For some of you who suggested that I set up a server, well, that would only be good for my own VLogs. I was more looking at the public domain...

Thanks all.

Jared said...

with Google Video you can download the videos directly to your laptop/computer and play with them Google Video Player.

This will get around the online blocked rules for Google Video. This isn't an option for youTube since those videos can only be viewed online and cannot be downloaded.

Anonymous said...

Our school has similar experience and decided that youtube, google video, and others will be accessible for our students. We strongly believe that our students should have an access to ASL vlogs and other good piece of clips.

In return, our staff take more responsibility and monitor students closely when they surf. If they are caught surfing unacceptable clips, we take time to sit down and discuss the situation. It worked just beautifully.

We MUST expose our Deaf children with the rich vlogs we have right now. NOW not later...

Anonymous said...

I was surprised that the below tip worked for me at my school for the deaf. Seems our filter hasn't incorporated a filter for IP numbers (NOT YET!).
===============
Use IP address - This is the simplest way to bypass domain name based access restrictions. Instead of the domain name, use the direct IP address.
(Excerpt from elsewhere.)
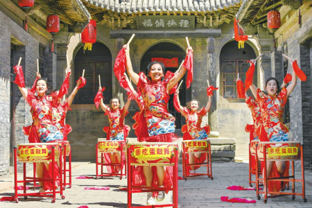 ②4月28日,太谷區(qū)文化館親疙蛋鼓舞隊隊員正在三多堂景區(qū)排練,為即將到來的“五一”假期展演做準(zhǔn)備。

To find the IP address use one of the free host to IP online conversion tools such as http://www.hcidata.co.uk/host2ip.htm

ie. youtube.com is http://208.65.153.242

source of tip and more tips http://www.webstuffscan.com/2006/11/23/how-to-access-blocked-websites-top-10/

Anonymous said...

corrected above link


Also...
Videoclips on Youtube, google, bliptv etc can be downloaded to your computer. This is handy for repeated viewing offline. Go to keepvid.com and paste in the youtube video url and download as .flv type. Use a free flv videoplayer (I use Riva..downloaded from download.com)

Jay said...

I believe SurfControl filters out by both the DNS name and IP addresses.

Some students figured out how to bypass SurfControl by using external web-baesd Proxy Servers, but that hole is now sealed.